What you need to do: Please print, exactly, only the lines in the entries below from the line that has "- 상술한 방식으로 리니가" through the line that has "Upon entry, you". Pictures don't go in.

··· Information

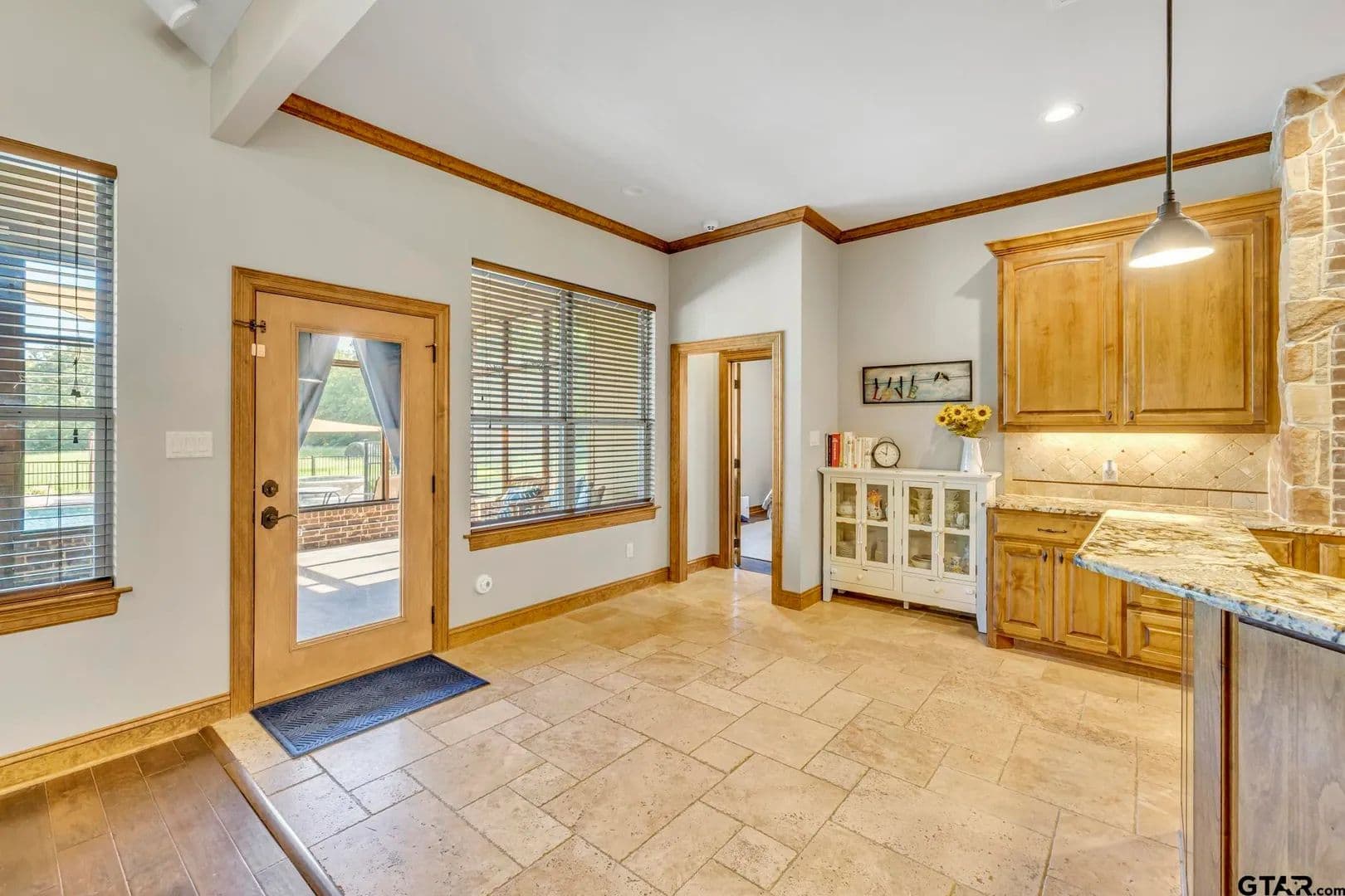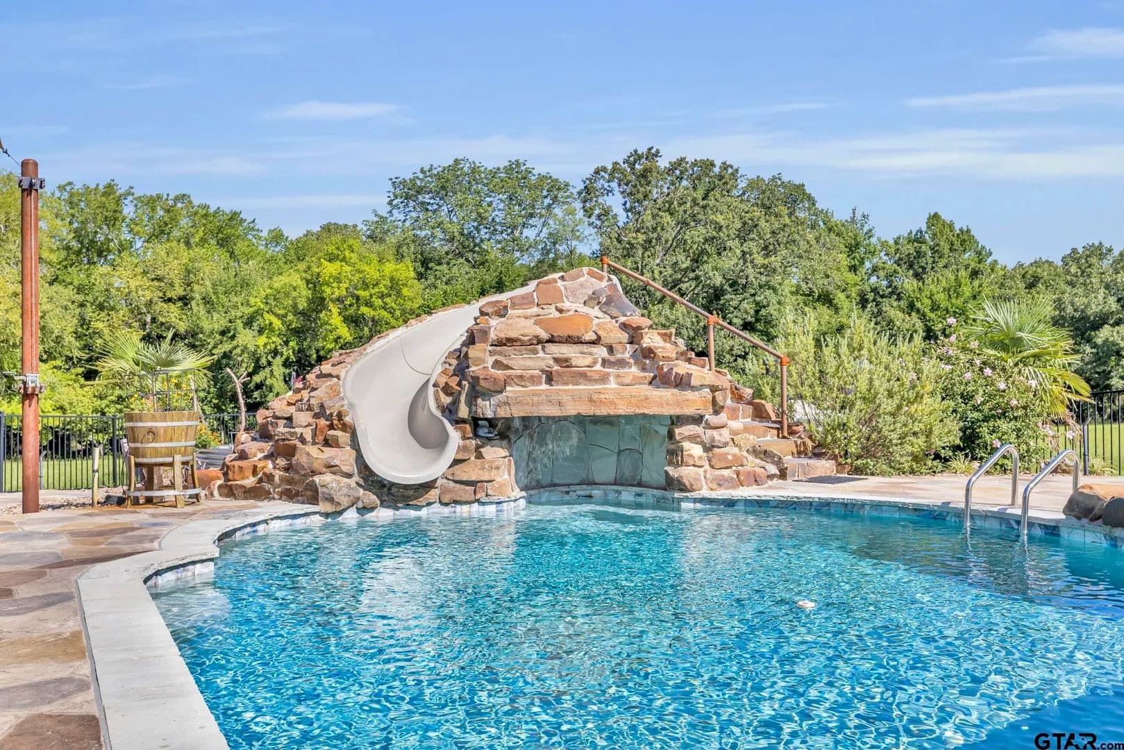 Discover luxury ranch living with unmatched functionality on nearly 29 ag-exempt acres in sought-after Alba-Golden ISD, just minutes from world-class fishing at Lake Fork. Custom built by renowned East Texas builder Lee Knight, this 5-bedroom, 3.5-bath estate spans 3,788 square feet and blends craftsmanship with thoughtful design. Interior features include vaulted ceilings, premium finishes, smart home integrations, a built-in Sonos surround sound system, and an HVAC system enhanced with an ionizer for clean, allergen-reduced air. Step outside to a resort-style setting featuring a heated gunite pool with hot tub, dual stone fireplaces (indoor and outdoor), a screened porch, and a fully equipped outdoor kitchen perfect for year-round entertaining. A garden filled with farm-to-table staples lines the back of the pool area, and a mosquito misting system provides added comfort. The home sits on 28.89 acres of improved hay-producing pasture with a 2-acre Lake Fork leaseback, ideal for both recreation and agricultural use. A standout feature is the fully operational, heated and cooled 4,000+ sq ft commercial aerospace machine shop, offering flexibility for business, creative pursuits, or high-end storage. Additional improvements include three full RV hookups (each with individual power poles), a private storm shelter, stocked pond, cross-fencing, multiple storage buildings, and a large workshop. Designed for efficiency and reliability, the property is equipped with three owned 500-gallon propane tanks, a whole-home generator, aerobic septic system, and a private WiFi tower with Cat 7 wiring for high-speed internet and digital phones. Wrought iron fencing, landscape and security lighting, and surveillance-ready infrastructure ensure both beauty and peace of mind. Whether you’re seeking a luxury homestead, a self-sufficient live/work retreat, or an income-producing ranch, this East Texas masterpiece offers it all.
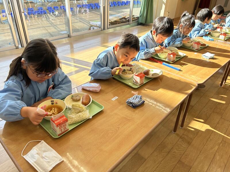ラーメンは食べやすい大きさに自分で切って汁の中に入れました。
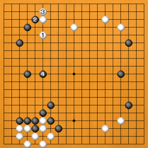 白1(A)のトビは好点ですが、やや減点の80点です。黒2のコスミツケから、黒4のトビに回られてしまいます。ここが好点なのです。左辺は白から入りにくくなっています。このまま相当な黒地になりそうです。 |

······
··· Information

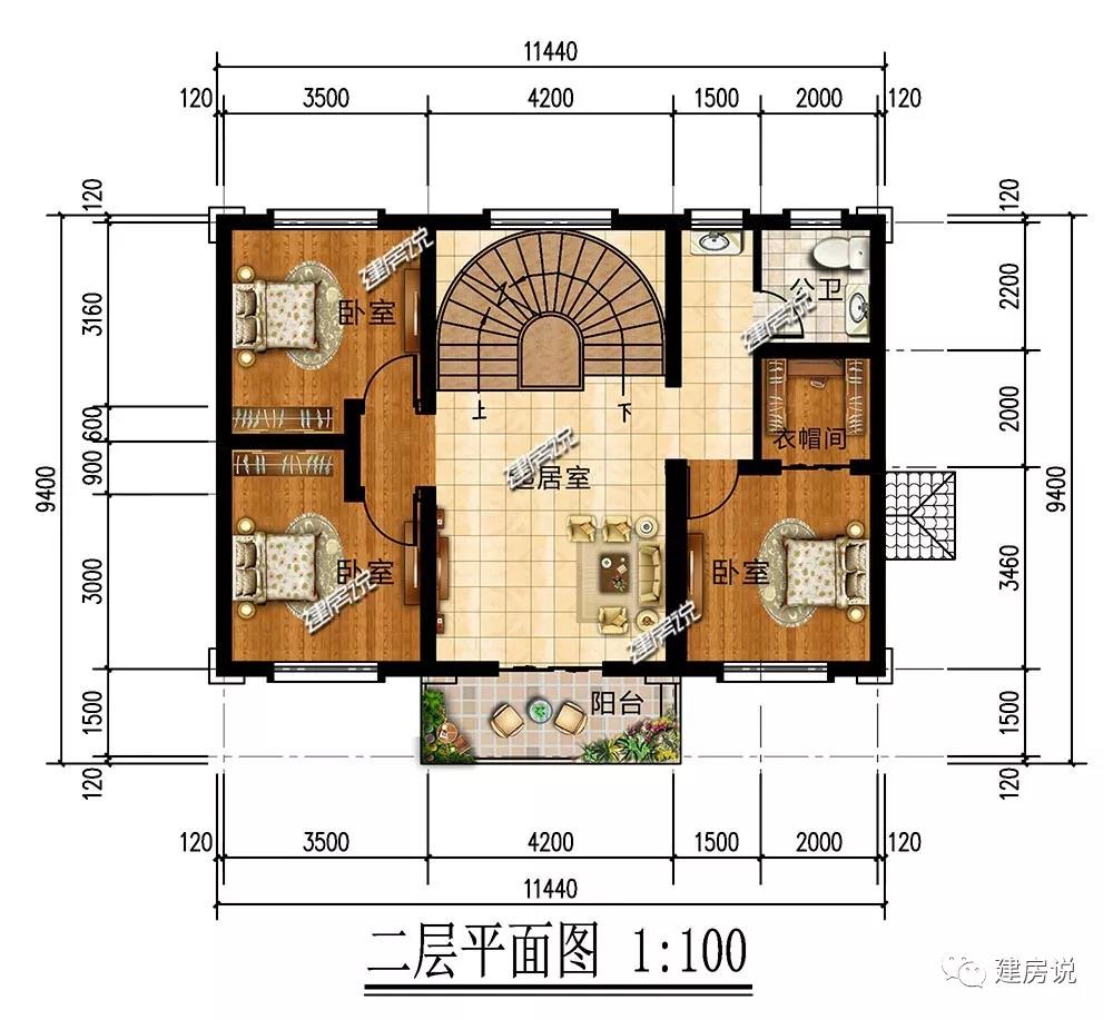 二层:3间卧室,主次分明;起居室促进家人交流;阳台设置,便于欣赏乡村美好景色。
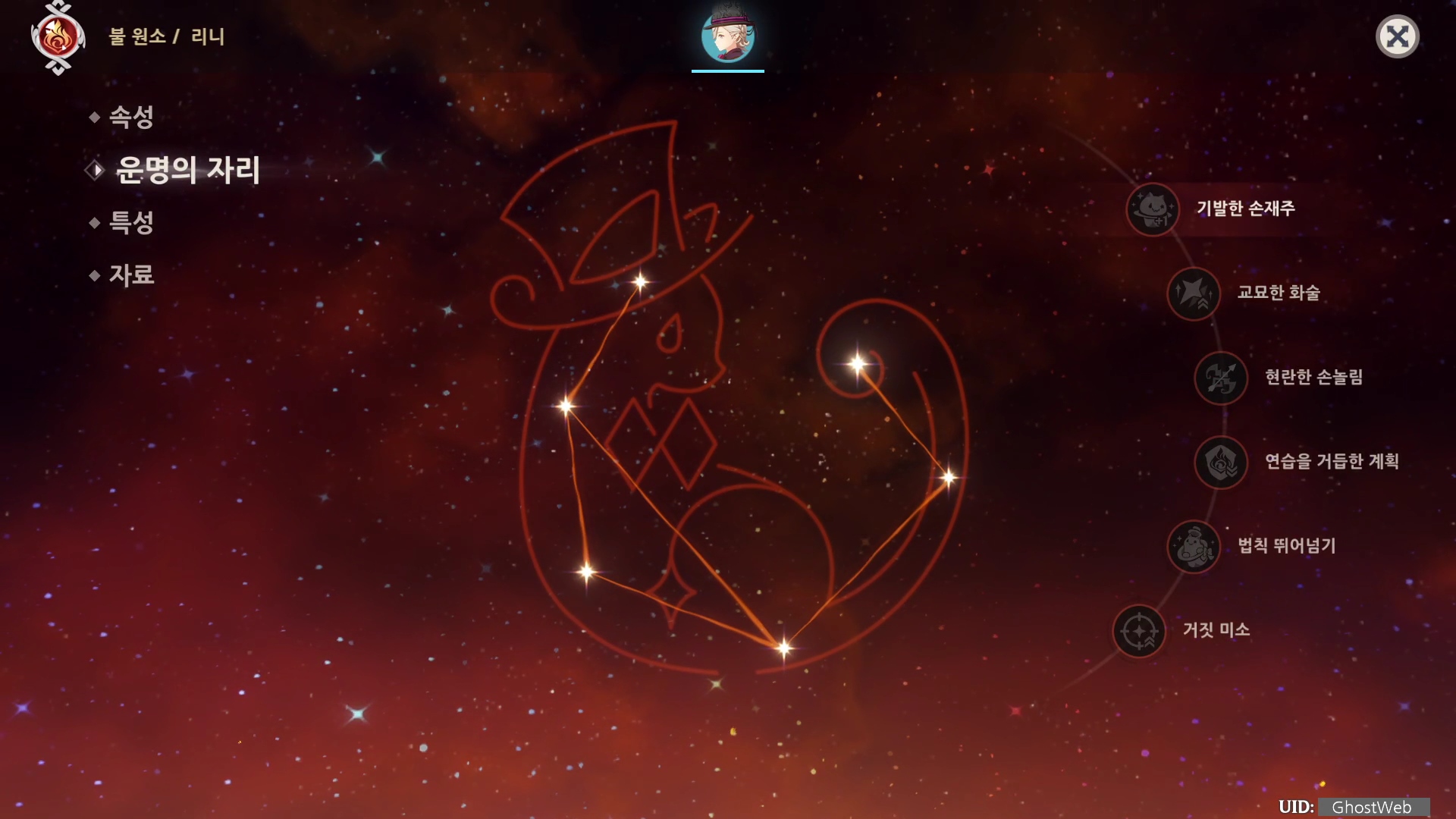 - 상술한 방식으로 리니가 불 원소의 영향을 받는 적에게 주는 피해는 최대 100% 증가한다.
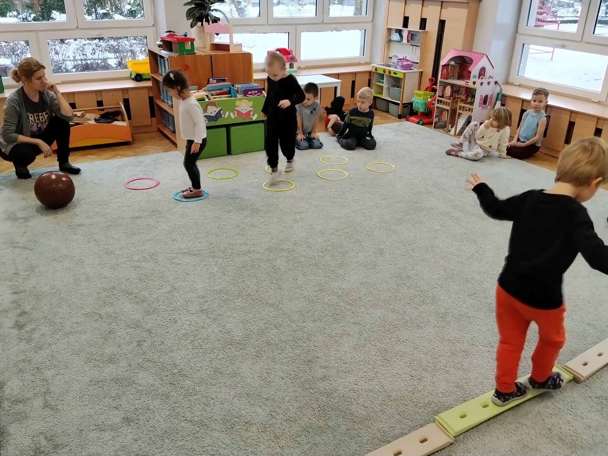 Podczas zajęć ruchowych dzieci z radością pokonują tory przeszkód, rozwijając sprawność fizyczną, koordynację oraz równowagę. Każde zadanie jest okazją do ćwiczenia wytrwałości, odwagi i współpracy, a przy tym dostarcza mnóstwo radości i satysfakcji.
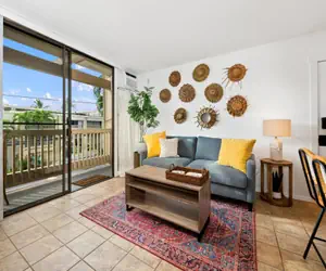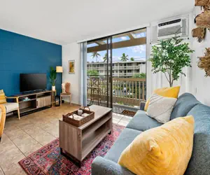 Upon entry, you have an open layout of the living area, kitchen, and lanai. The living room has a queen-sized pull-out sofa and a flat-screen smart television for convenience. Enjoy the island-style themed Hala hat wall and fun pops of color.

······

Solved problem:
 - 상술한 방식으로 리니가 불 원소의 영향을 받는 적에게 주는 피해는 최대 100% 증가한다.
 Podczas zajęć ruchowych dzieci z radością pokonują tory przeszkód, rozwijając sprawność fizyczną, koordynację oraz równowagę. Każde zadanie jest okazją do ćwiczenia wytrwałości, odwagi i współpracy, a przy tym dostarcza mnóstwo radości i satysfakcji.
 Upon entry, you have an open layout of the living area, kitchen, and lanai. The living room has a queen-sized pull-out sofa and a flat-screen smart television for convenience. Enjoy the island-style themed Hala hat wall and fun pops of color.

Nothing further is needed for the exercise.